Anni opened her eyes a bit. “Am I dead?” she asked.

“No,” Wes said fiercely. “You’re not.”

“How?” she asked. Wes shook his head.

“Shhhh. Don’t talk, baby-girl” he said. Jordy crept back to sit at Anni’s other side. \

“How?” the werewolf said for Anni, knowing that she couldn’t say the words herself.

“Sometimes,” Hopie said loudly, a smile in her voice, “babies help us.”

“Is she okay?” Willow asked Wes.

“She’ll have a scar,” Wes said, thinking of the scar he bore at the base of his own neck. “We need to get her to a hospital, but I think her pulse is all right.”

“Hospital might be a good idea,” Faith said. Everyone looked at her. “I think this is the world’s fastest pregnancy,” she said, “because my water just broke.”

“Crazy laser beams will do that for you,” Dakota muttered.

“Yeah, hospital would be of the good,” Willow said, her voice shaky and a little excited.

The others looked at her.

“You too?” Kody asked, feeling as if she were caught in a soap opera.

“It’s all about balance,” Fred said.

“Yeah,” Dakota replied. “I guess it is.” As Lindsey swept Faith off of her feet and Xander helped Willow to keep her balance, Kody turned to the girl next to her.

“Who the hell are you?” she asked, wondering why she felt like she’d never seen the girl who had come to her aid in battle.

“Colette,” the girl said, her voice barely above a whisper. “We met earlier. Don’t feel bad. People always forget about me.” Dakota shrugged. She didn’t actually care overmuch.

They brought chaos with them to the hospital, the whole entourage, including tired and cranky Hopie and Cale, insisting on coming along.

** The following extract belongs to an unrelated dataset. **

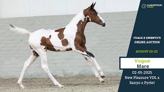 Two-time stallion competition winner New Pleasure VDL has made an excellent start to his international career, competing at 1.45m-level this summer under Hessel Hoekstra at the prestigious Aachen show, where he earned top placings in the Youngster Cup. His oldest offspring are showing the same jumping talent as their sire, and here he is paired with the damline of the pinto stallion Samber (s.Pericles xx). This pinto filly Vogue is a real eye-catcher. Her granddam Unicorn is a half-sister to the international jumper Merlijn (s.Samber) and represents a versatile damline that also produced international eventers as well.

The doctor rushed Anni to a room, as they prepared a joint room for Willow and Faith.

“Put me down for a second,” Faith whispered in Lindsey’s ear.

He complied, but issued his wife a strict warning. “Ten seconds and I’m picking you back up,” his said, worry clear in his overprotective-Daddy voice.

“What do you know that I don’t know?” Faith asked him, looking pointedly at Kody.

“I haven’t confirmed it yet,” Lindsey said, “but I have good reason to believe that Dakota’s father is your biological father.”

Kody stared at him. “I always knew my dad was a man-whore,” she muttered.

Faith looked back at Lindsey. “When were you going to tell me?” she asked.

“As soon as I was sure,” Lindsey replied, worry creasing his face.

In a swift motion, Faith tore off his shirt. “It was torn already,” she said with an impish grin, and Lindsey knew that his wife wasn’t letting her trust issues interfere with this day.

“Your ten seconds are up,” Lindsey informed her, sweeping her back into his arms. Faith snuggled down against his bare chest, letting out an outraged scream a moment later as the pains returned.

“How long is this gonna take?” she asked, panting.

“Not long?” Willow suggested hopefully, squeaking a bit as she did.

Dakota looked at Faith, wondering if they really were sisters. “At the rate you’ve been going,” she said finally, “it shouldn’t take long.”